The Lovers begins with its protagonist, Yvonne, returning to the coastal village in Turkey where she and her husband spent their honeymoon almost thirty years ago. The trip is not a happy one: Yvonne, no longer a wife, but a widow, is now navigating the foreign land alone. She is dealing not only with the grief that continues to consume her two years after her husband Peter’s death, but also the unique transition that comes with being widowed, the mathematical shift from two to one. Tired of every trite offer of condolence, and the impossible new routine of her life at home, she has come to Datça hoping to retreat into memories of brighter days.

She immediately realizes that the landscape has changed, both in the small Turkish town and in her soul. What was once beautiful and light and new is now edging toward ruin.

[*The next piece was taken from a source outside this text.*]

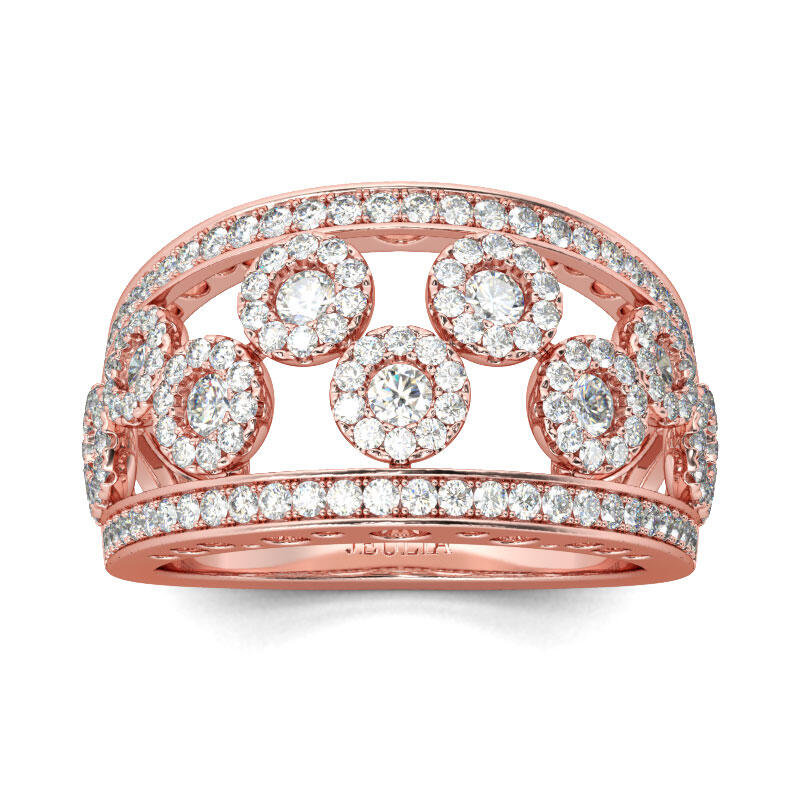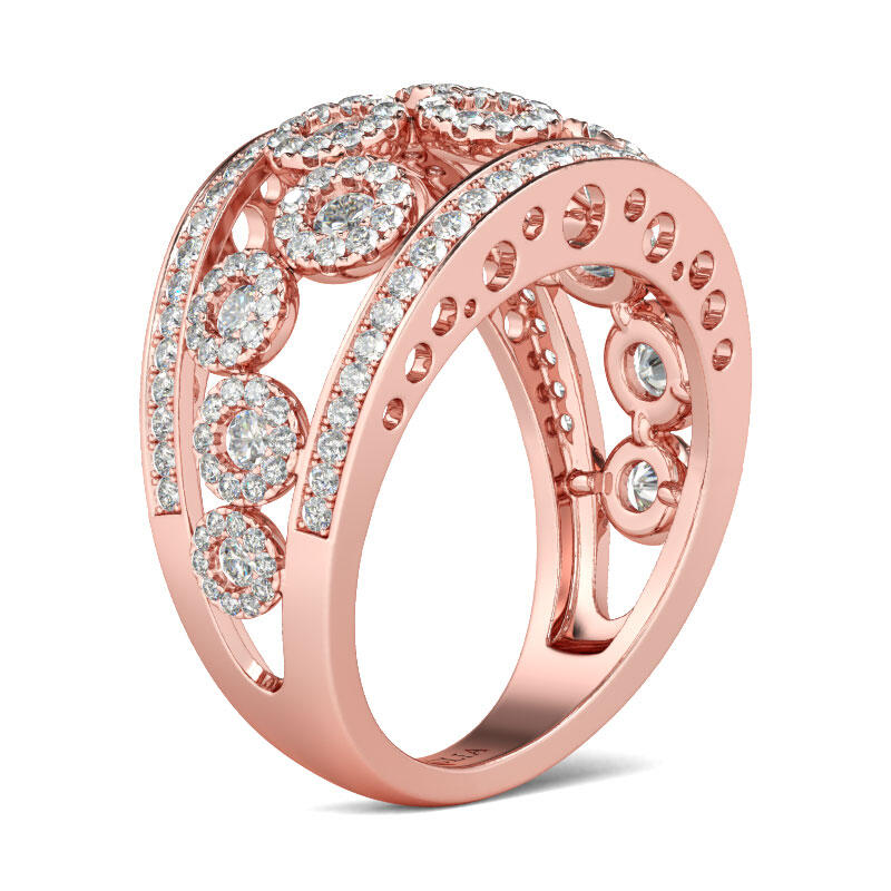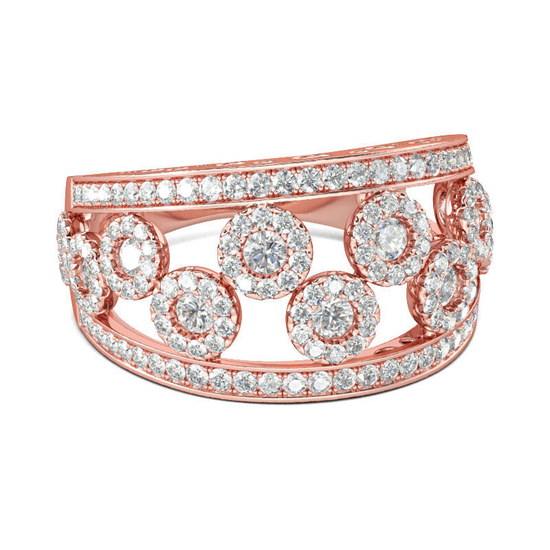 Unique and elegant, this wedding band makes a little lovely gift for loved or yourself. Crafted in rose gold tone sterling silver, the band showcases several shimmering halo frames in the split shank. Along the edge of shank. Glistening round stones are set to add extra sparkle to the band. Treat yourself or surprise her with this dainty piece.

Yvonne is in her early fifties, but suddenly feels old, as if the word “widow” carries with it the implication of advanced age, forfeited love, and waiting for death. She is acutely aware that she is no longer seen as a sexual creature, a likely candidate for love—though, of course, she also has no desire to be one. Trapped in a fog of grief, she is concerned not with her future, but with her past: her early days with Peter, the time when their children were young, the later years that were marked by escalating tension. It’s as if she floats but doesn’t touch the ground, as if she she looks around but never sees.

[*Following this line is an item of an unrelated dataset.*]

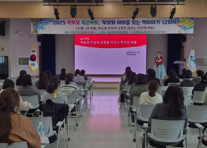 (포탈뉴스통신) 경상북도경산교육지원청은 11월 20일 학생교육지원관 강당에서 개최한 ‘2025 부모와 아이를 잇는 책 이야기’ 북콘서트 행사를 성황리에 마무리했다고 21일 밝혔다. 경산 관내 유·초·중·고 학부모 약 80여 명이 참석하여 미래 교육에 대한 높은 관심을 보였다.

The novel, a masterly exploration of female interiority, captures the almost dreamlike logic that now dictates Yvonne’s life. Indeed, she is not so much living life as she is trapped in a loop, interacting with the outside world only in a way that draws her further into herself. She makes a few friends—the jilted Özlem, a Dove soap model,and ten-year-old Ahmet, who sells sea shells—but cannot truly be a good friend in return. This eventually leads to a tragic accident, though it, too, matches the muted, dreamy pace of the novel. Still, it is only after Yvonne is confronted with another senseless death (the first being her husband Peter’s) that she slowly begins to emerge from her hypnotic state.

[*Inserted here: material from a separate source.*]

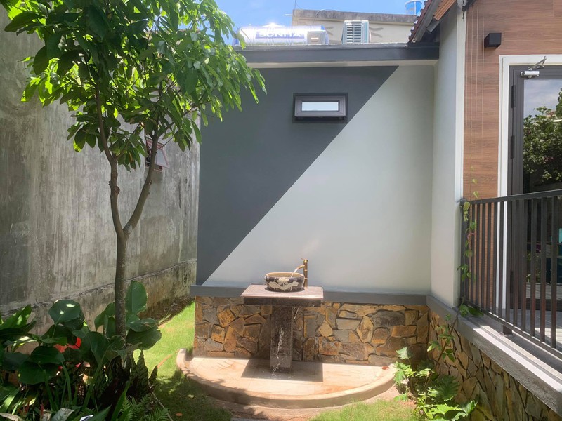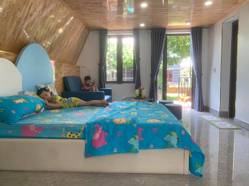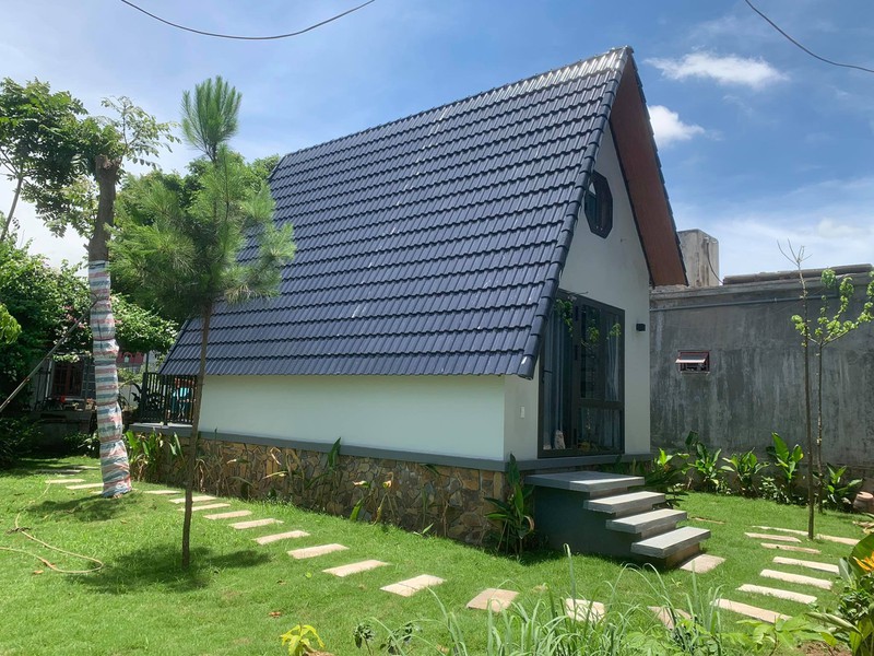 "Bố mẹ tôi có mảnh đất 1000m2. Anh chị em tôi xây dựng mỗi người một ngôi nhà trên mảnh đất này. Tôi lựa chọn Bungalow vì nhu cầu sử dụng không nhiều. Bình thường tôi sống ở Hà Nội, cuối tuần mới về nhưng từ khi có dịch bệnh, vợ chồng tôi gần như ở đây", anh Huy nói.

I found this novel to be less polished than Vendela Vida’s previous one, Let the Northern Lights Erase Your Name, but still excellent. There is no debating that Vida is a talented writer, expertly tuned into the intricacies of female experience. Her writing is understated, but powerful; her details are often spare but just perfect. She transports her readers to new, fascinating worlds, but never resorts to vulgar exoticism. Rather, she is concerned with the disorientation that occurs when a woman—in this case, a middle-aged woman, older than Vida herself—is placed, alone, in an unfamiliar context. The result is unnerving, yet satisfying.

My only complaint is that Vida never quite seems to know how to end her stories; in this novel, the last page comes too quickly, and the words fade away abruptly. It is as if the alarm has gone off, and Yvonne has been shaken from her dream prematurely. This jarring conclusion only half-works; I found myself wishing for something stronger, weightier. Still, perhaps this is the point, that the novel is a dream of disorientation, and must end the second clarity arrives. Regardless, it is a thoughtful—and thought-provoking—read, which approaches grief in a way that is both sympathetic and unflinching. For as unreal as its atmosphere often seems, it always rings true.